In this post, I will share a simple script I wrote for converting image to Base64.
The Problem
- I was working on a project that requires using
react.js
but currently it does not have a good way to generate self-contained slides. (i.e. if the images you are referencing is on the local computer it would not work.) - So I wanted to simply replace all the image references in my jupyter notebook with base64 encodings of that image.
- This little script would help me on that.
What This Does
- You just give it a url of the image or a local path of the image and run it.
- It automatically copies the base64 encoding of the image to the clipboard.
- Quite neat, huh?
Show Me The Code!
- You might need to run
pip install pyperclip
before running this code. - If you are encoding a local image, specify the path of
local_img
and delete the line ofurllib.request.urlretrieve(url, local_img)

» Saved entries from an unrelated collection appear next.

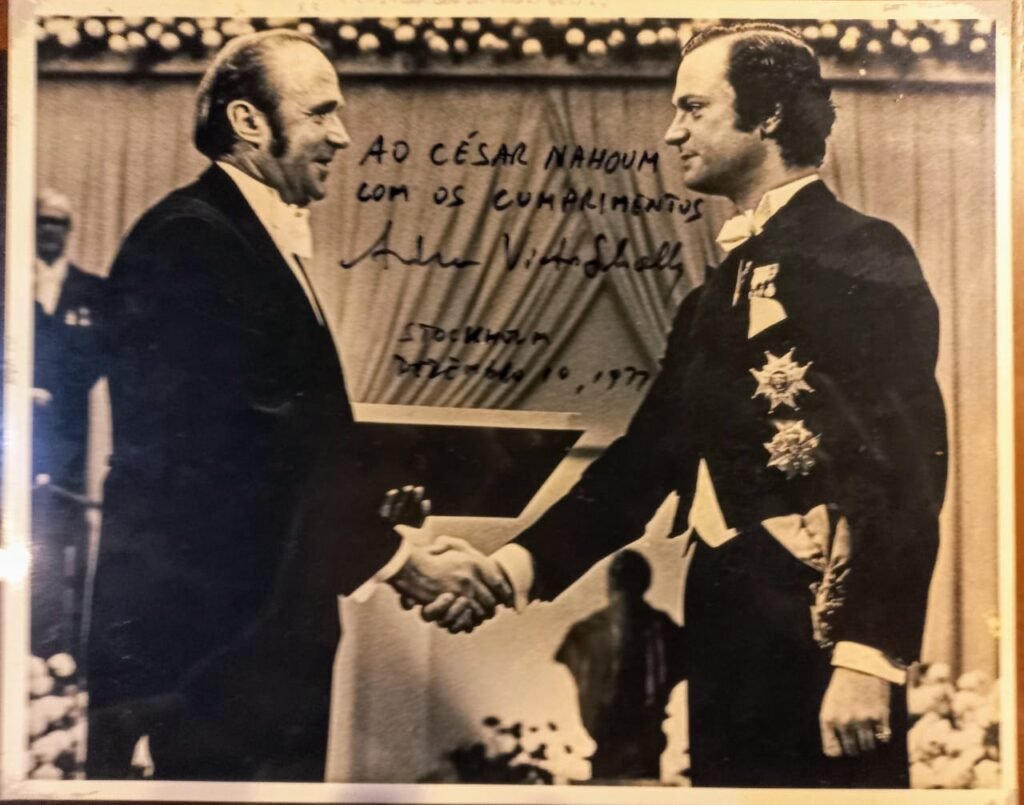 Como prova de seu reconhecimento internacional, Andrew Schally, Prêmio Nobel de Medicina em 1977, enviou esta foto por toda a colaboração para a causa coordenando pesquisas na Fundação das Pioneiras Sociais, RJ-Brasil.
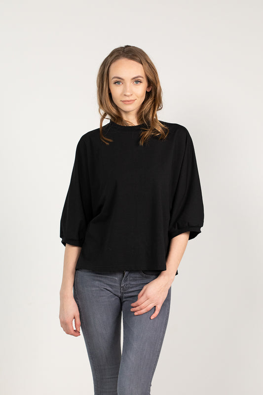 Nola's Yoko T-shirt is a minimalist cut t-shirt with wide sleeves that reach the elbow. The sleeves have ribbing at the openings, which creates a slight puff-sleeve effect.
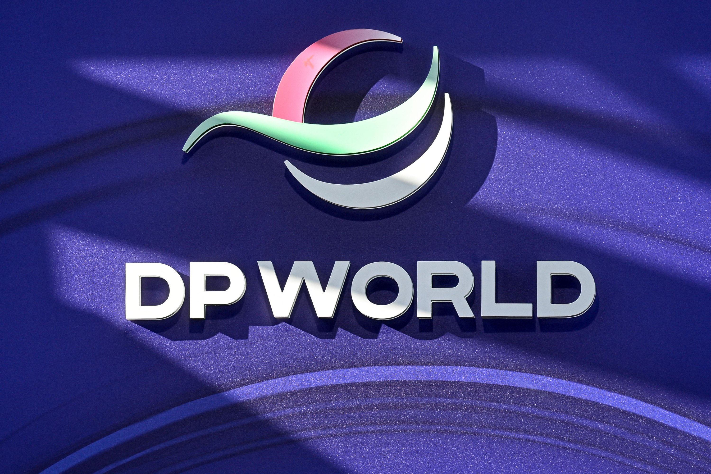 The logo of the multinational logistics company DP World is seen in the Alpine resort of Davos during the World Economic Forum (WEF) annual meeting, Switzerland, Jan. 20, 2026. (AFP Photo)
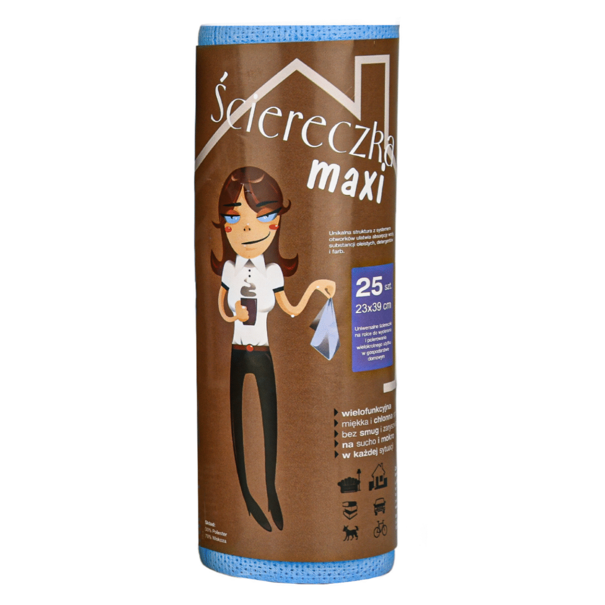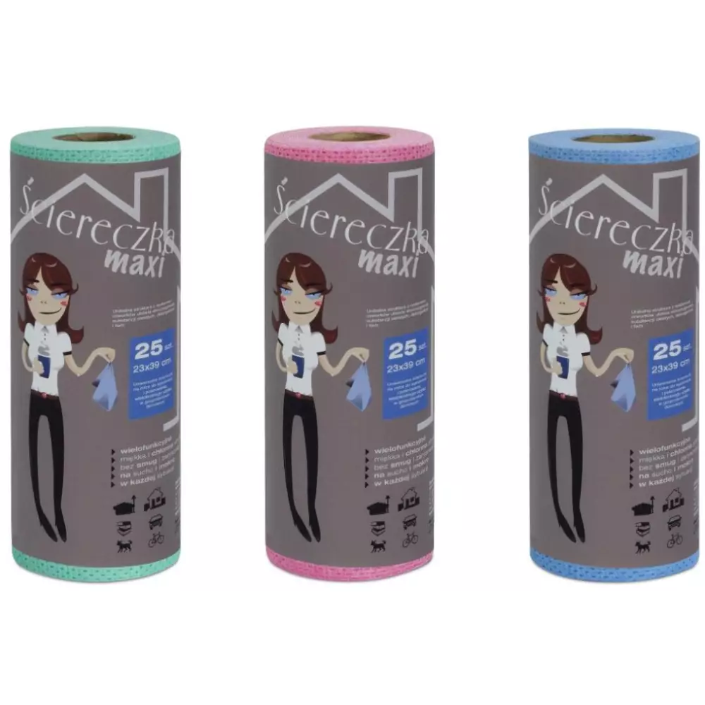 Produkty Maxi są dostępne w opakowaniach z gotowymi pociętymi ścierkami lub nawinięte na poręczną rolkę.
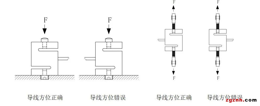 用于壓式時(shí),負(fù)荷加載方向須和安裝支撐面垂直,因?yàn)閭鞲衅髦荒軝z測垂直方向的力,斜向的力會(huì)產(chǎn)生的橫向分力,而橫向分力不能被傳感器檢測到,所以如果加載方向不垂直于支撐面,則會(huì)產(chǎn)生一定的測量誤差。用于拉式時(shí),應(yīng)確保加載力的作用線與傳感器受力軸線重合,避免傳感器受到側(cè)向力或偏置力的作用。
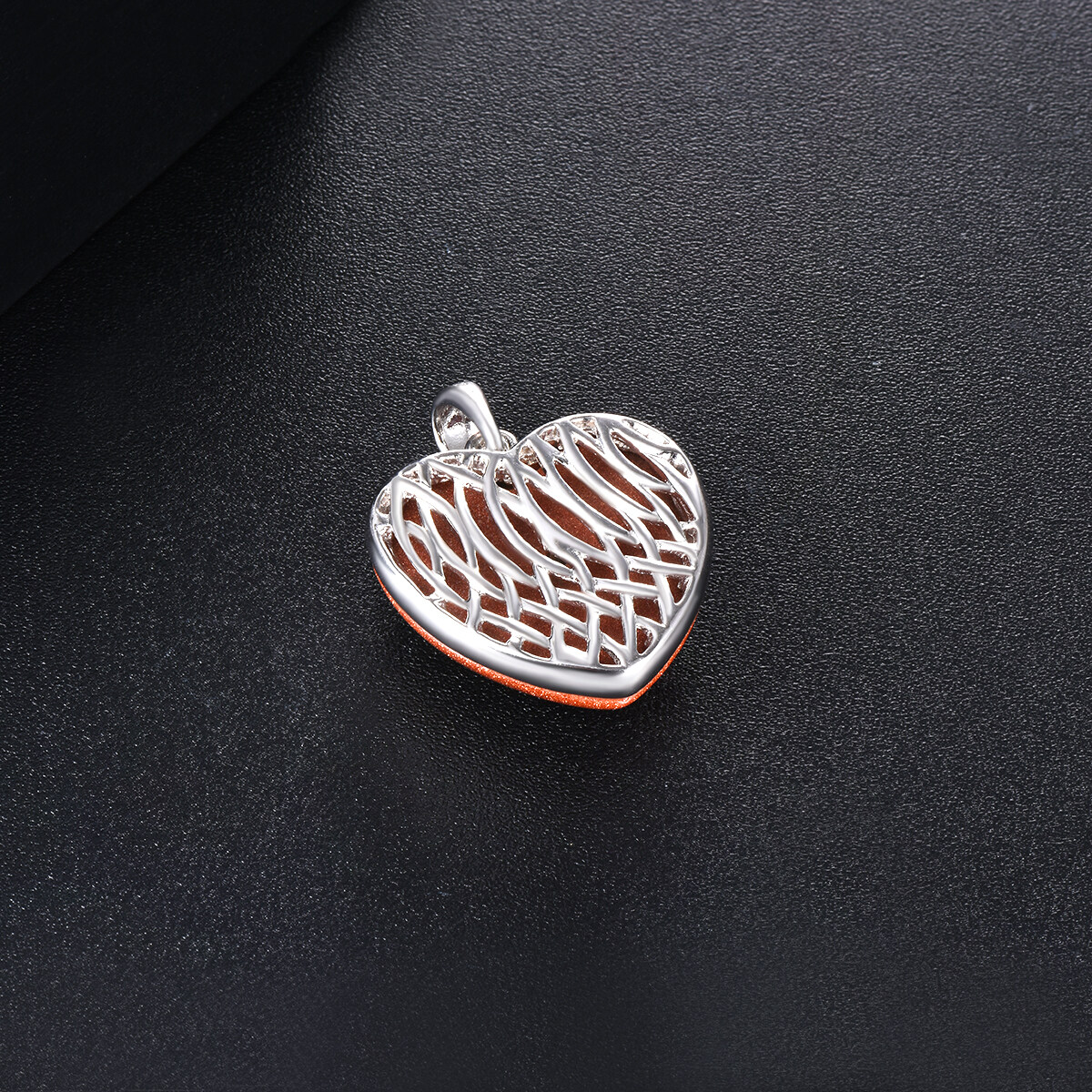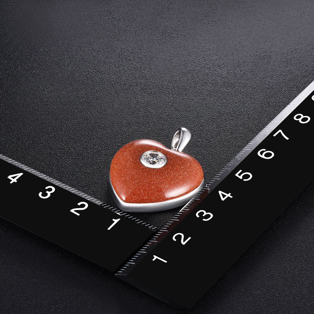 Heart Shape Gold Sand Stone Pendant Natural Gemstone for Women's Gift Real 925 Sterling Silver

. - Make sure your file format is consistent throughout the
url
,local_img
, andsrc
(later).
import base64, urllib, pyperclip
url = "https://brand.cornell.edu/assets/images/examples/trademarks/brand_registered.svg"
local_img = "convert.svg" # Dummy local file name
urllib.request.urlretrieve(url, local_img) # Save the image to local
with open(local_img, "rb") as img_file:
base64_ = base64.b64encode(img_file.read()) # Encode to base64
base64_string = base64_.decode('utf-8') # Otherwise output is enclosed with b''
pyperclip.copy(base64_string)
The Results
Well, it copies a string like this to your clipboard:
PHN2ZyBpZD0iTGF5ZXJfMSIgZGF0YS1uYW1lPSJMYXllciAxIiB4bWx...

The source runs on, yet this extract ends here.